Work item:
Please copy exactly the part of the records below that opens with the line containing "A sophisticated 18k" and closes with the line containing "Detta fantastiska meny", leaving out any pictures.
+ + +
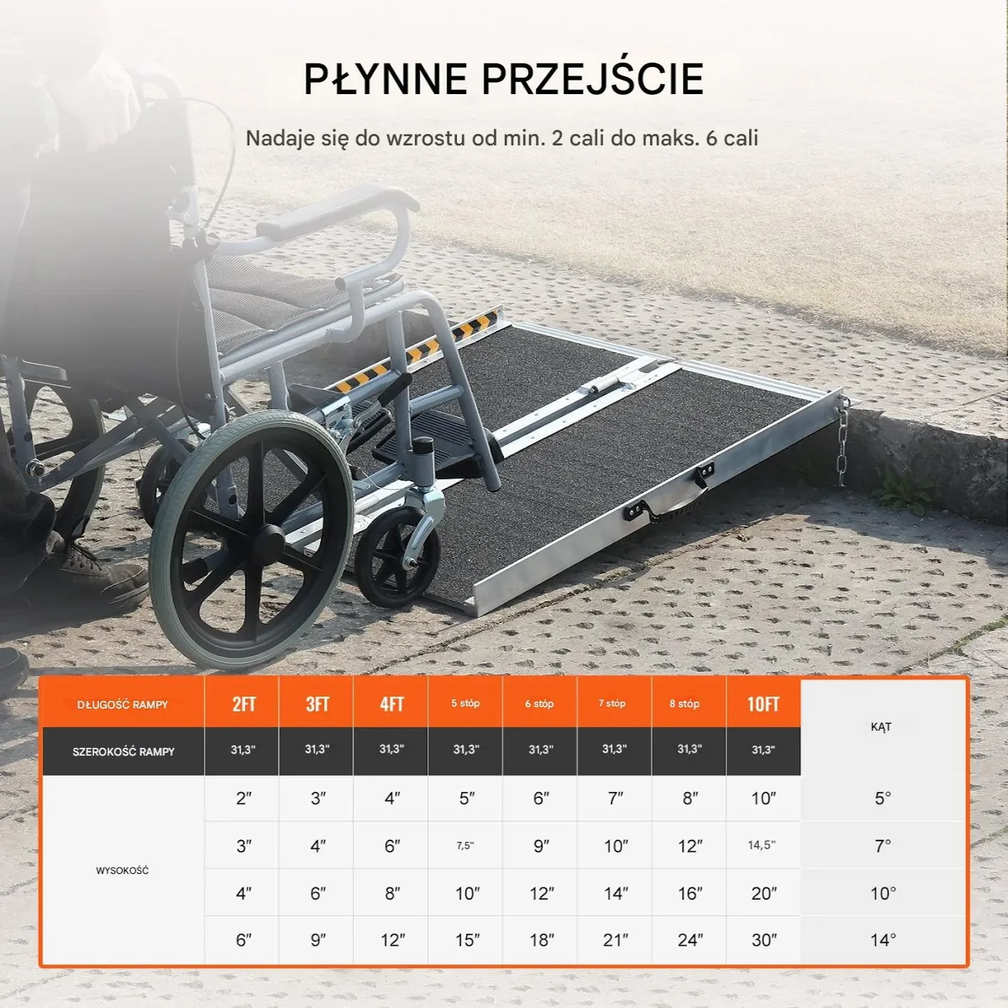 Przenośna Aluminiowa Rampa Najazd dla Wózków Inwalidzkich – 304 cm
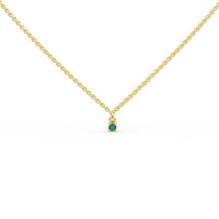 A sophisticated 18k solid gold necklace featuring a natural emerald in a prong setting, offering a classic and elegant touch to any jewelry collection.
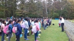 夜に降っていた雨が上がり、園庭で閉園式を行いました。お世話になった学園の方から、お褒めの言葉をいただきました。約束を守り、挨拶がしっかりできる5年生として自信をもって生活してくださいというお話でした。嬉しいですね。その後、心を込めてお礼を言い、名残惜しい富士学園をあとにしました。
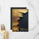 Detta fantastiska meny kort har en lyxig guld folie struktur i kombination med en snygg svart bakgrund och elegant guld typografi. Perfekt för bröllop, banketter eller formella middagar, denna design kompletterar moderna och lyxiga teman perfekt. Presentera din events meny med denna stilrena och sofistikerade brevpapper del.
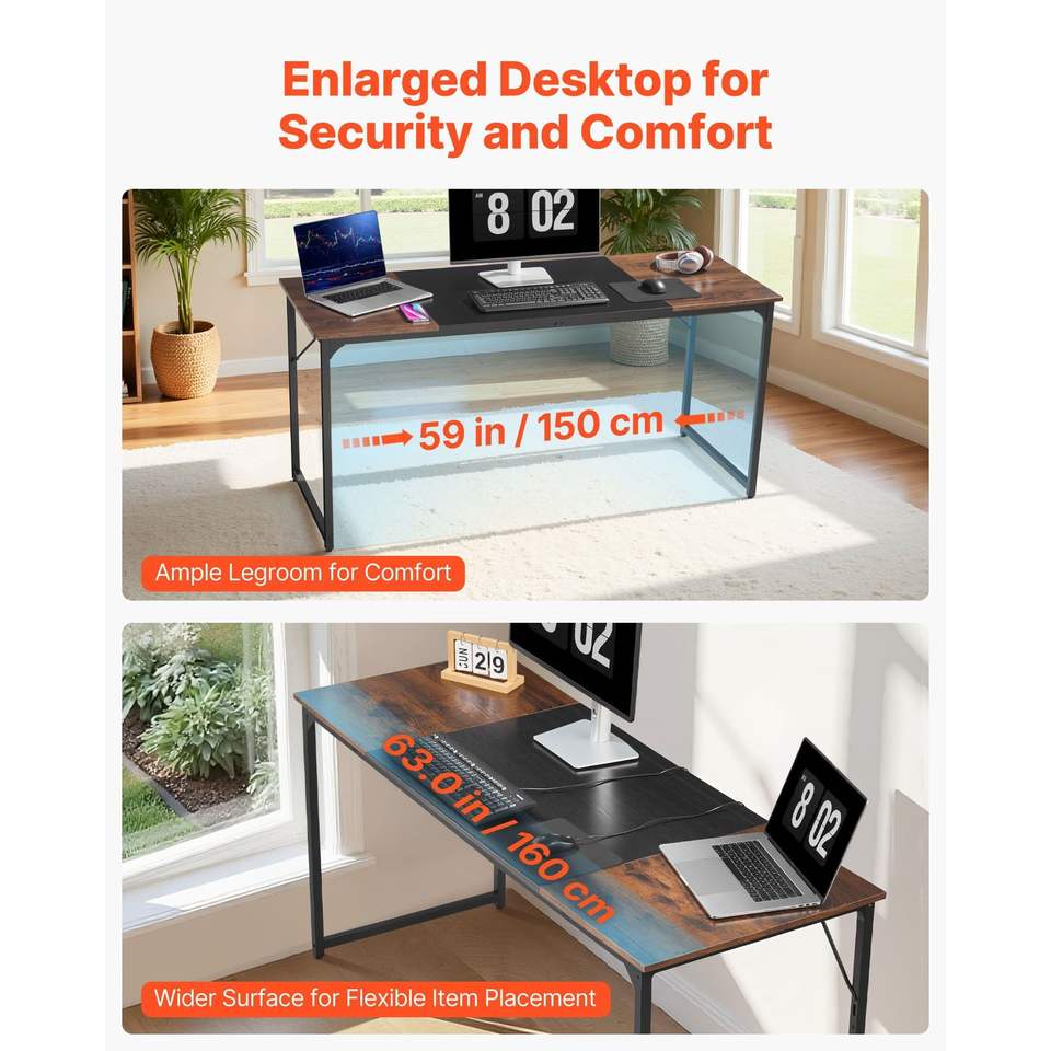 63-Inch Modern Simple Metal Frame Computer Desk for Home Office for Gaming Writing Study Large Workspace Comfortable Leather
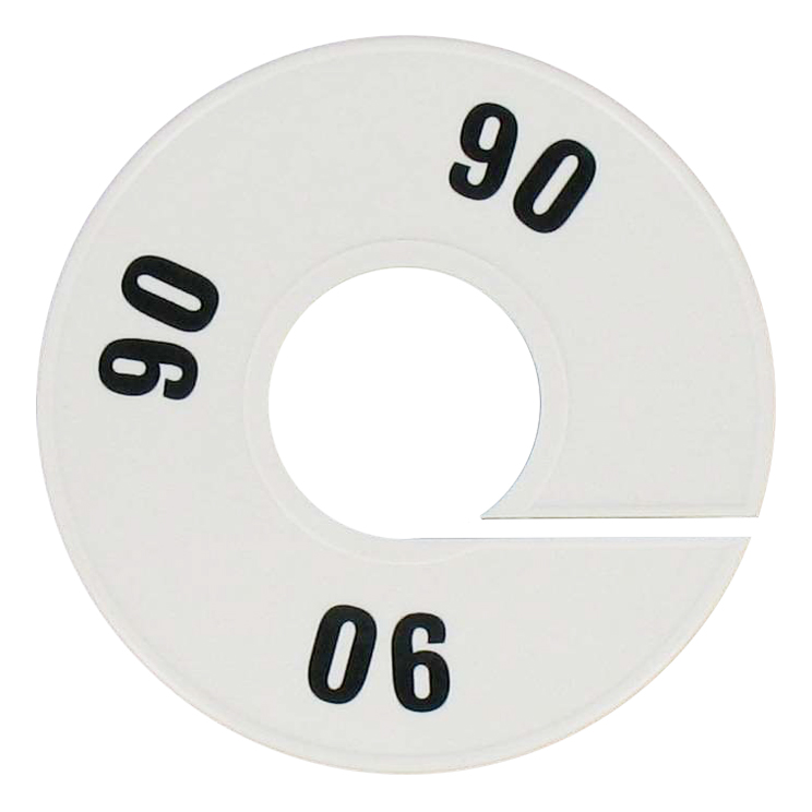 Maatschijf in het wit met zwarte opdruk voor maat 90.
+ + +
Output:
 A sophisticated 18k solid gold necklace featuring a natural emerald in a prong setting, offering a classic and elegant touch to any jewelry collection.
 夜に降っていた雨が上がり、園庭で閉園式を行いました。お世話になった学園の方から、お褒めの言葉をいただきました。約束を守り、挨拶がしっかりできる5年生として自信をもって生活してくださいというお話でした。嬉しいですね。その後、心を込めてお礼を言い、名残惜しい富士学園をあとにしました。
 Detta fantastiska meny kort har en lyxig guld folie struktur i kombination med en snygg svart bakgrund och elegant guld typografi. Perfekt för bröllop, banketter eller formella middagar, denna design kompletterar moderna och lyxiga teman perfekt. Presentera din events meny med denna stilrena och sofistikerade brevpapper del.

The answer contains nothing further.